Some parameters which might influence your decision:
What is a “Request”?
- A single small UDP packet fire & forget will be mostly bound by the throughput of your network-interface.
- If it is a TCP HTTPS-Request your routine will have to wait for a response (handshake) and depending on the target servers that may take a long time and will be limited by the number of open connections/outbound ports.
- If the request includes data (e.g. a file from your drive) you will have additional I/O boundaries (number of open files, random disk access speed)
- If all requests go to the same Server they may reuse a single HTTPS/2 connection for all traffic
What is your environment?
- Are you CPU, memory or network I/O bound?
- Are you in a pay-by-use cloud environment? What is the most economical utilization, are spikes in cpu/traffic very expensive?
What is your goal?
- Is this a one-off script which just should run as fast as possible?
- Is this a service which should be easy to maintain, debug and start/stop and run regularly?
- Are errors/reconnects a big factor?
Depending on all of these the optimal number or routines might range from a few to actually 1M.
Some limiting factors:
A single go-routine currently uses a minimum stack size of 2KB. It is likely that your actual code will also allocate some additional memory on the heap (for e.g.

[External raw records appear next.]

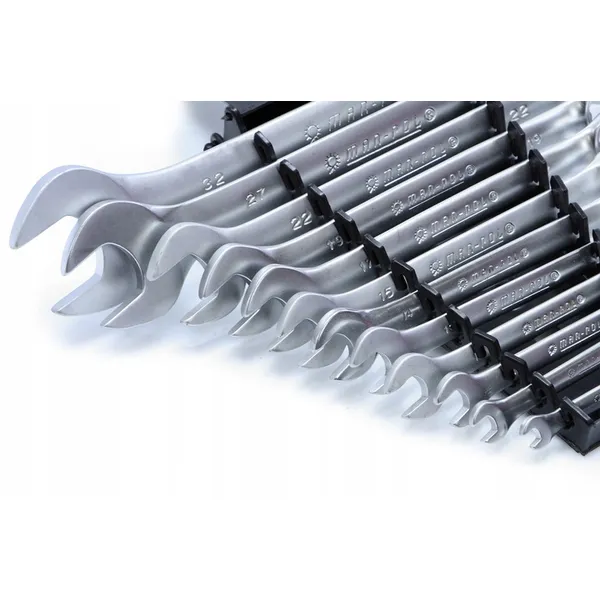 A Mar-Pol 12 darabos csillag-villáskulcs készlet megbízható választás műhelybe és otthoni szereléshez is. A króm-vanádium (CrV) acél nagy terhelés mellett is tartósságot biztosít, a csillag- és villás kialakítás pedig gyors, stabil munkavégzést tesz lehetővé.
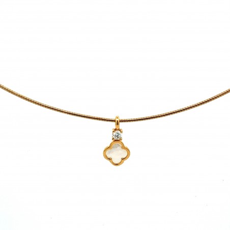 Flor 9 mm con nacar natural y zirocnita 3mm. cable o cadena a escoger.
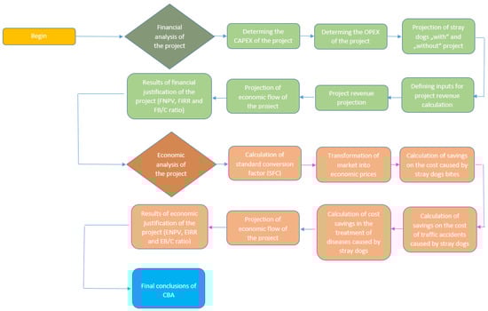 In the continuation, in Figure 2, we present a methodological flowchart so that readers can better follow and understand the procedure of the conducted financial and economic analysis of the justification for the construction of a shelter for stray dogs in the VPR, North Macedonia, which follows in the next section of the paper.
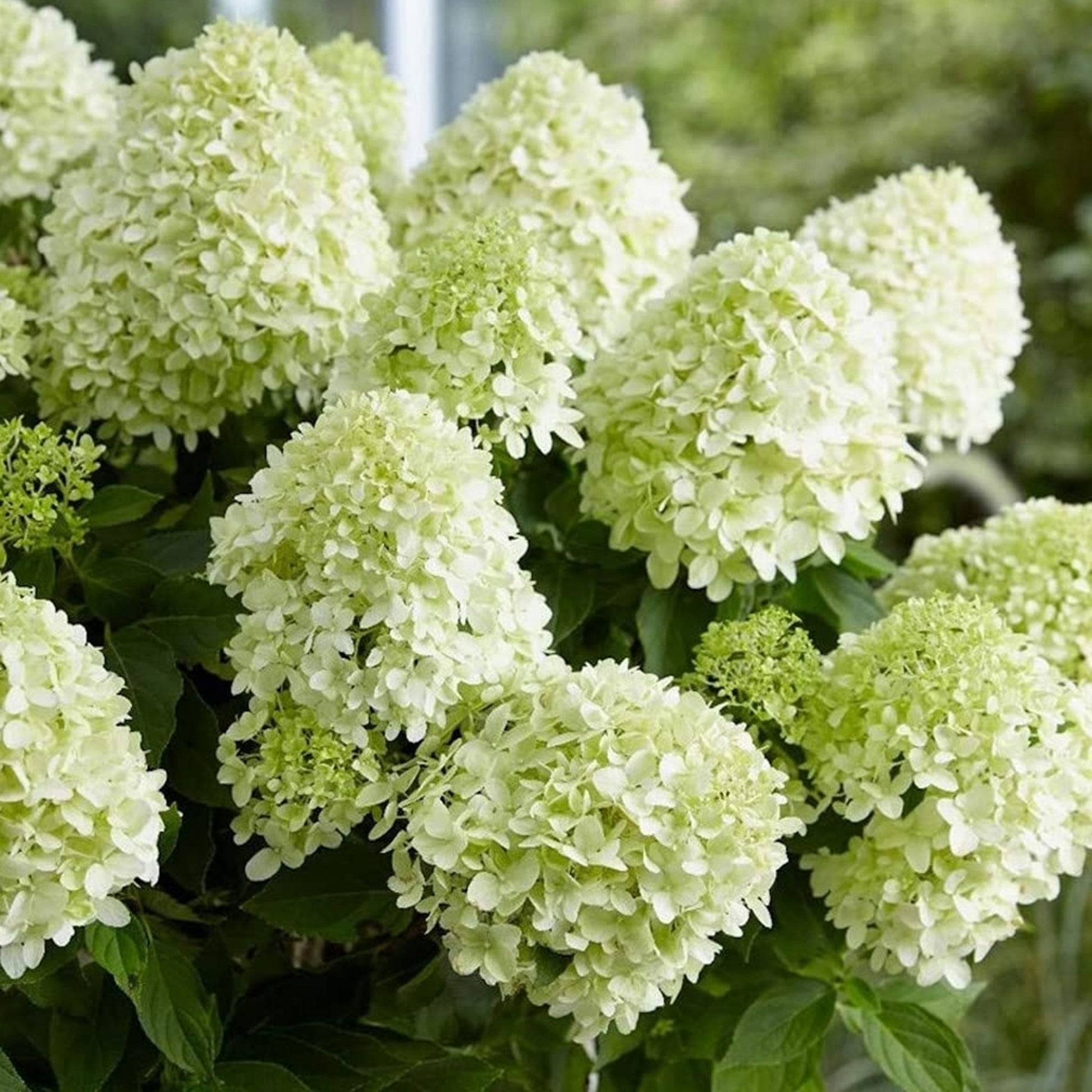 Hydrangea Paniculata Little Spooky is a dwarf hydrangea shrub, boasting masses of showy flowers from midsummer until autumn. Deep green foliage is smothered with dome-shaped clusters of white flowers tinged with green from July until October, almost covering the leaves completely.

JSON serialization or similar) for each goroutine. This would mean 1M go-routines could easily require 2-4 GB or RAM (should be ok for an average environment)
Most OS will limit the number of open connections in various ways. For TCP/IP there is usually a limit of open ports per interface. This is about 28K on many modern systems. There is usually an additional limit per process (e.g. ulimit for number of open file-descriptors) which will by default be around 1000. So without changing the OS configuration you will have a maximum of 1000 concurrent connections on Linux.
So depending on the system you should probably not create more than 1000 goroutines, because they might start failing with “maximum num of file descriptors reached” or even drop packets.
If you increase the limits you are still bound by the 28K connections from a single IP address. So if all 1M requests use a single outbound address, this could be your upper limit for the number of goroutines.
So reasonable answers could probably be 32 (16 cores + hyper-threading = 32 concurrent threads), or 1000 or around 28K (depending on the configuration)
I think, in general, if you don’t know the answer, you want to start exploring.
I would start with writing a 1M routines implementation, with not limits, and see if and how it breaks.
Generally speaking, in my expreince, the first wall you will hit is rate limiting on the server you’re making the requests to.